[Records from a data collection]
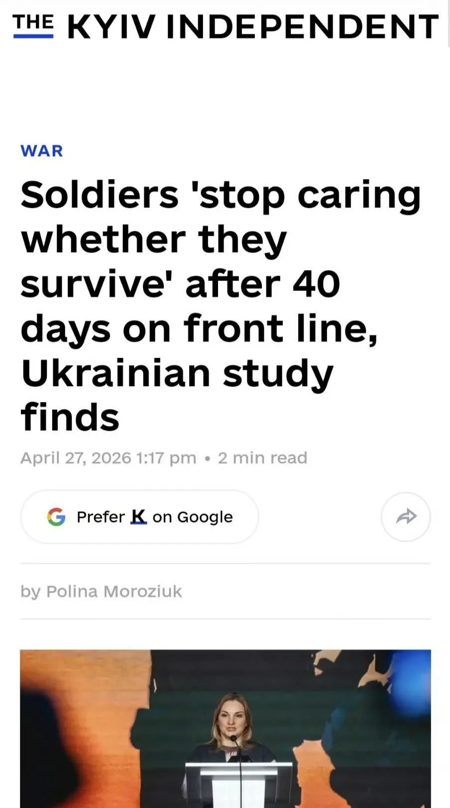 乌克兰《基辅独立报》报道称,根据他们的统计分析,乌军士兵只要在战场上存活40天以上,就会变得无所畏惧。
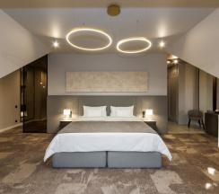 В каждой комнате предусмотрена система климат-контроля, позволяющая создать оптимальный микроклимат. Интерьер выполнен в изысканных тонах с использованием высококачественных материалов, подчеркивающих высокий статус номера. Люкс оснащен современной ванной комнатой с джакузи или душевой кабиной, а также отдельной туалетной комнатой для дополнительного комфорта. Здесь вы найдете все необходимое для незабываемого пребывания.
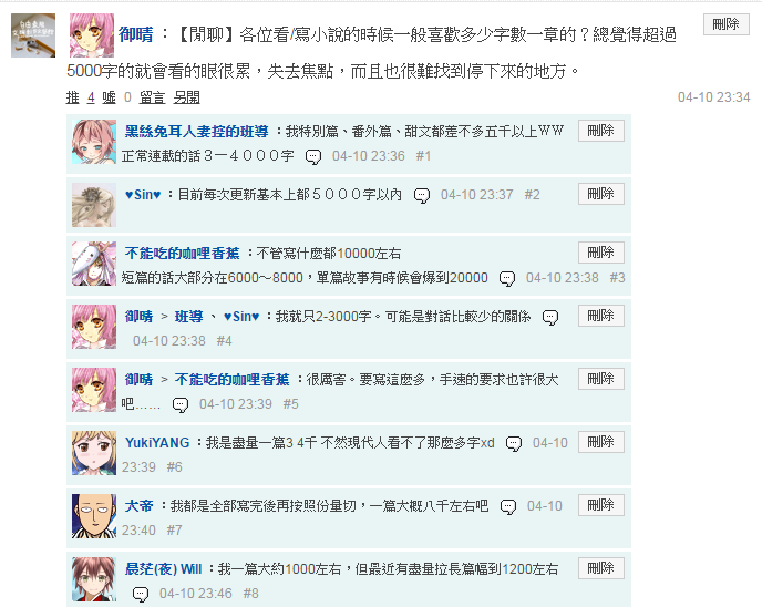 各位看/寫小說的時候一般喜歡多少字數一章的?
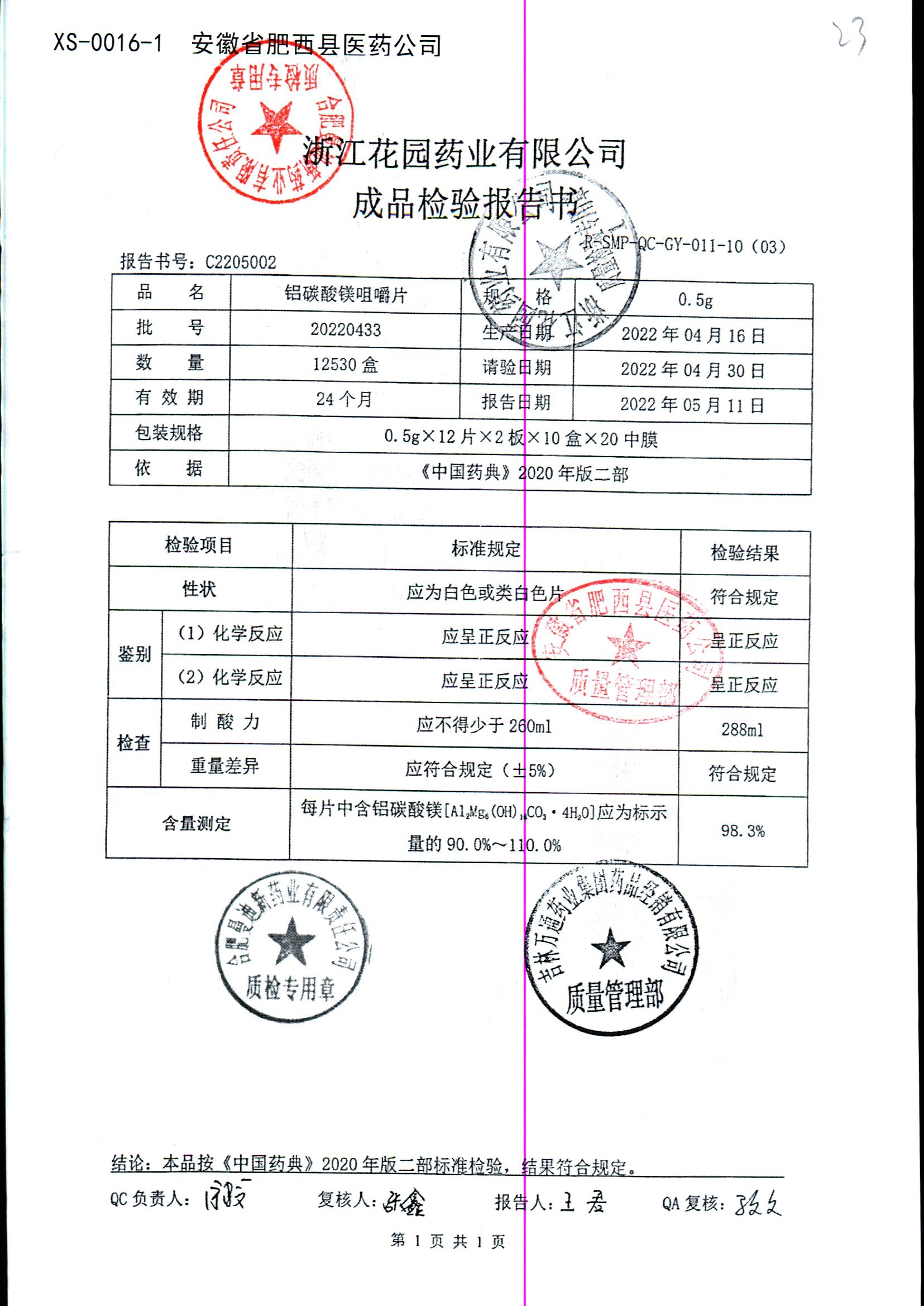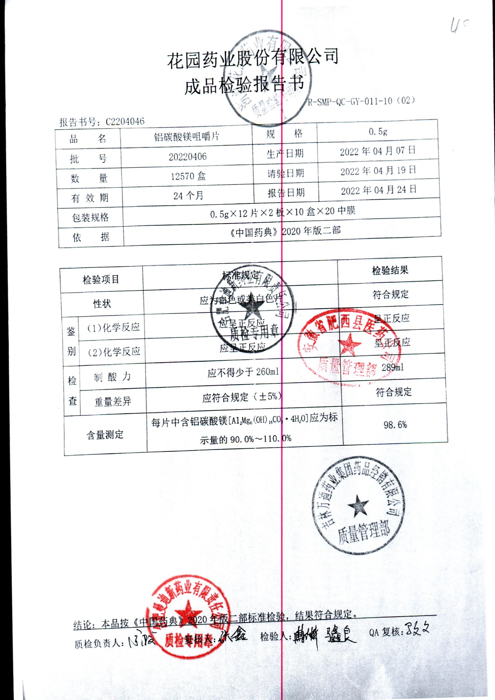 | 铝碳酸镁咀嚼片 | 0.5g*12*2 | 20220406 | 查看详情 |
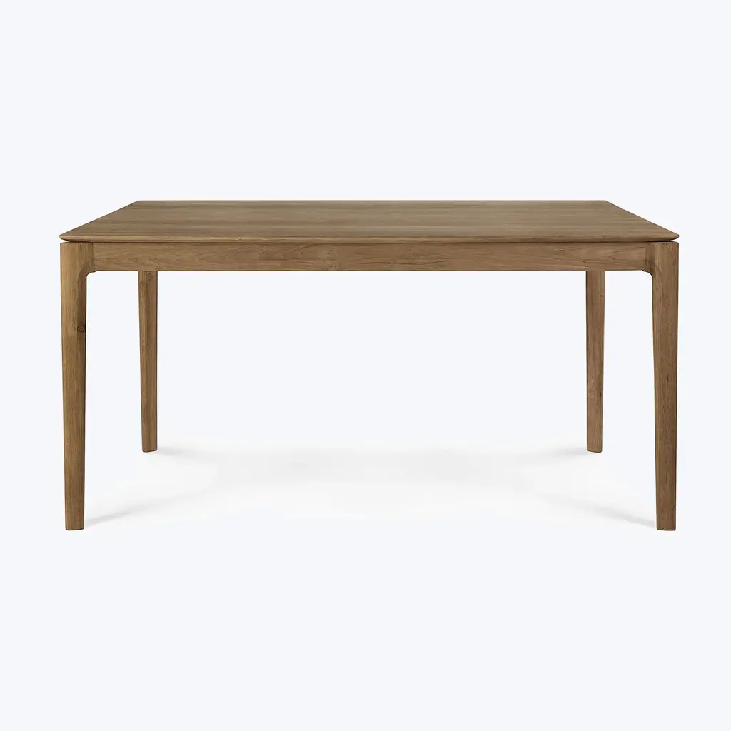 The Bok Dining Table by Ethnicraft is a study in contrasts where airy refinement meets quiet strength and where sculptural simplicity hides remarkable craftsmanship. Crafted in Serbia from solid natural oak or teak and finished in a range of tones including oiled oak, dark brown, black oak, varnished oak, natural teak, and teak brown this table adapts effortlessly to the atmosphere of the room. With sizes ranging from intimate 55-inch lengths to expansive 95-inch versions, each one offers generous surface space while maintaining the light, architectural profile that defines the Bok collection. The design is rooted in Ethnicraft’s signature language of flowing lines and thoughtful proportion. A broad, stable tabletop rests on subtly tapered legs that curve into the frame with quiet confidence, creating a silhouette that feels simultaneously grounded and airy. The sculptural structure reveals clean, minimalist lines when viewed from afar and intricate material clarity up close a balance of simplicity and complexity that elevates the dining space without overwhelming it. Every table is shaped from responsibly sourced hardwood, showcasing the natural character of European oak or the warm, organic richness of teak. The grain remains visible and touchable beneath each finish, allowing the wood to speak for itself and ensuring every piece carries its own individual personality. The result is a table that feels lived-in from the very beginning, softening the room with natural texture and an easy elegance. The Bok Dining Table blends seamlessly into contemporary, Scandinavian, and minimalist interiors, grounding gatherings with a calm yet sculptural presence. Whether it anchors a small breakfast nook or defines a spacious dining room, the table encourages connection, conversation, and everyday ritual. Designed to last and made to age beautifully, it stands as a timeless centerpiece one that evolves with the home as years and memories collect around it.

**Goal of the exercise**
Full transcription without images: please go through the records and repeat them exactly.

**Response to the task**
 乌克兰《基辅独立报》报道称,根据他们的统计分析,乌军士兵只要在战场上存活40天以上,就会变得无所畏惧。
 В каждой комнате предусмотрена система климат-контроля, позволяющая создать оптимальный микроклимат. Интерьер выполнен в изысканных тонах с использованием высококачественных материалов, подчеркивающих высокий статус номера. Люкс оснащен современной ванной комнатой с джакузи или душевой кабиной, а также отдельной туалетной комнатой для дополнительного комфорта. Здесь вы найдете все необходимое для незабываемого пребывания.
 各位看/寫小說的時候一般喜歡多少字數一章的?
 | 铝碳酸镁咀嚼片 | 0.5g*12*2 | 20220406 | 查看详情 |
 The Bok Dining Table by Ethnicraft is a study in contrasts where airy refinement meets quiet strength and where sculptural simplicity hides remarkable craftsmanship. Crafted in Serbia from solid natural oak or teak and finished in a range of tones including oiled oak, dark brown, black oak, varnished oak, natural teak, and teak brown this table adapts effortlessly to the atmosphere of the room. With sizes ranging from intimate 55-inch lengths to expansive 95-inch versions, each one offers generous surface space while maintaining the light, architectural profile that defines the Bok collection. The design is rooted in Ethnicraft’s signature language of flowing lines and thoughtful proportion. A broad, stable tabletop rests on subtly tapered legs that curve into the frame with quiet confidence, creating a silhouette that feels simultaneously grounded and airy. The sculptural structure reveals clean, minimalist lines when viewed from afar and intricate material clarity up close a balance of simplicity and complexity that elevates the dining space without overwhelming it. Every table is shaped from responsibly sourced hardwood, showcasing the natural character of European oak or the warm, organic richness of teak. The grain remains visible and touchable beneath each finish, allowing the wood to speak for itself and ensuring every piece carries its own individual personality. The result is a table that feels lived-in from the very beginning, softening the room with natural texture and an easy elegance. The Bok Dining Table blends seamlessly into contemporary, Scandinavian, and minimalist interiors, grounding gatherings with a calm yet sculptural presence. Whether it anchors a small breakfast nook or defines a spacious dining room, the table encourages connection, conversation, and everyday ritual. Designed to last and made to age beautifully, it stands as a timeless centerpiece one that evolves with the home as years and memories collect around it.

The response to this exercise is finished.